Canadian Food Inspection Agency (CFIA) food microbiology testing programs primarily targeting Salmonella enterica, Listeria monocytogenes, and Shiga toxin-producing Escherichia coli (STEC) now routinely include WGS analysis of bacterial isolates using bioinformatics workflows such as the GeneSeekr pipeline (Carrillo et al., 2020) which incorporates modules for phylogenetic, virulence, serotype and AMR markers for hazard characterization, sub-typing analysis for trace-back investigations, and quality control features to ensure that sequence data meets quality and purity (Low et al., 2019) criteria for the intended purpose. Broadly speaking, the types of analytical objectives for bioinformatics in the context of regulatory food microbiology fall into two categories: (1) gene marker discovery (e.g., virulence and AMR gene determination) and (2) high resolution typing (e.g., SNPs, cg/wgMLST, etc.).

Why Genomic Analyses Are Different

In the implementation of any novel technology for regulatory purposes, important considerations such as harmonization, validation and quality assurance need to be addressed.
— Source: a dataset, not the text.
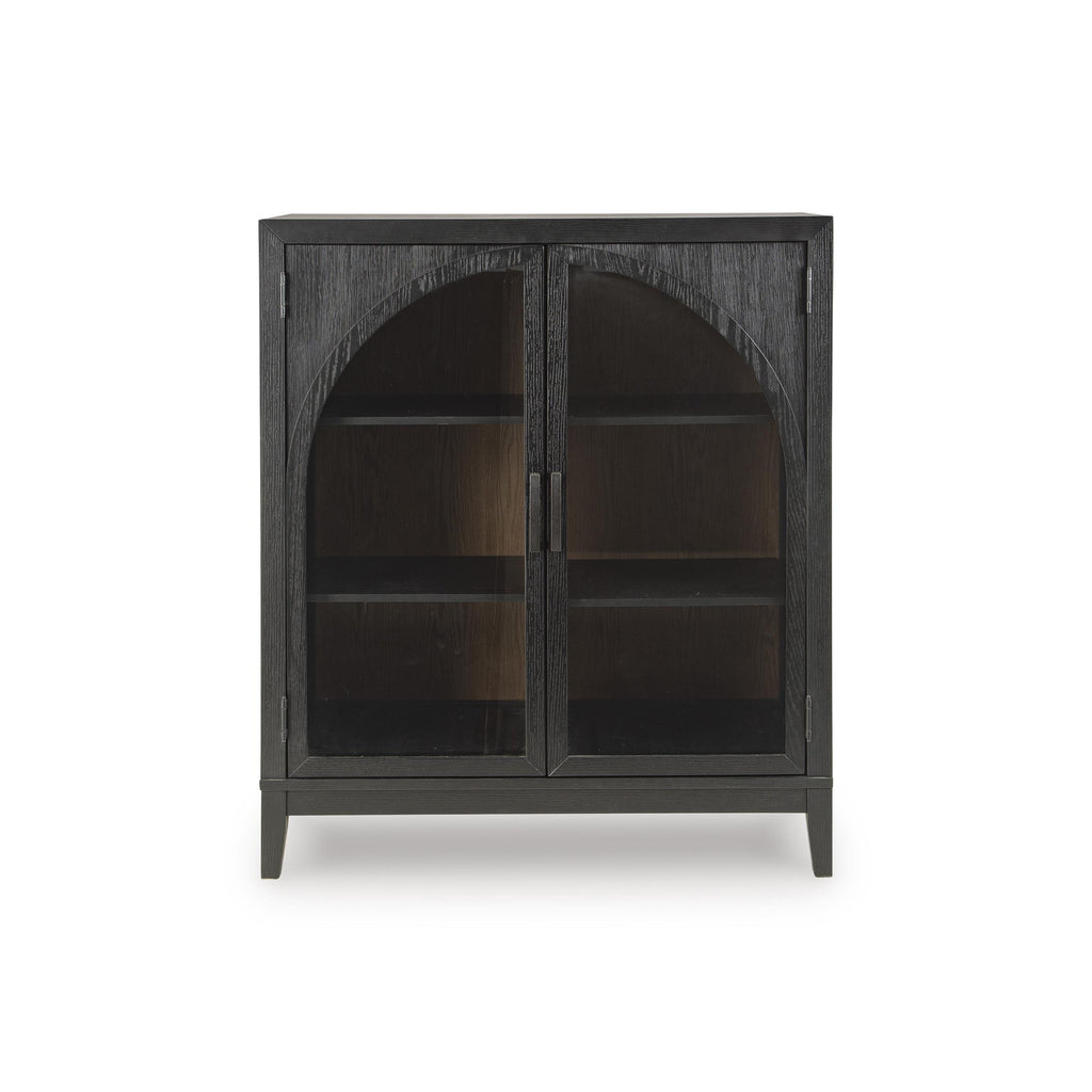 If your love of entertaining is only surpassed by your love of sleek, versatile style, this bar cabinet expertly suits... If your love of entertaining is only surpassed by your love of sleek, versatile style, this bar cabinet expertly suits your needs. Racks for wine bottles and glasses neatly store necessities for a pour of vino. Adjustable shelves comfortably hold additional bottles, dishware or drink-making accessories. For added flexibility, the cabinet's black and natural brown finishes effortlessly pair with your home’s existing aesthetic. Doors with softly curved glass inserts allow this chic piece to double as a display space. View more

WGS technologies pose unique challenges in part due to their reliance on bioinformatics for data processing and interpretation. Bioinformatics tools and analytical applications may vary due to (1) differences in local needs, (2) individual-specific approaches to the development of algorithms and bioinformatics workflows, (3) variable and site-specific nature of computers, their environments and dependencies (Tong et al., 2015; Lambert et al., 2017). Thus, these types of analytical methods are not amenable to conventional prescriptive approaches for tabling test protocols and validating their performance characteristics to meet national MMC, (Microbiological Methods Committee., 2011, 2016) and international (International Organization for Standardization, Association Française de Normalization, Association of Official Analytical Chemists, etc.) guidelines, which were developed for traditional “wet lab” methods where all aspects of reagents, materials and conditions can be standardized and controlled to ensure consistency and reproducibility among different users.

Genomic methods differ from traditional “wet-lab” approaches in that they offer virtually unlimited opportunities to conduct detailed analyses of pathogens, inviting “custom” queries to answer novel questions arising within a specific food investigative context. WGS-based methods require flexibility and plasticity to adapt to new problems on a case-by-case basis if their full potential is to be realized. Therefore, a different approach will be required to expedite the performance validation of bioinformatics workflows and new analytical modules which may be added from time to time, or ad hoc queries made in the course of a food safety investigation.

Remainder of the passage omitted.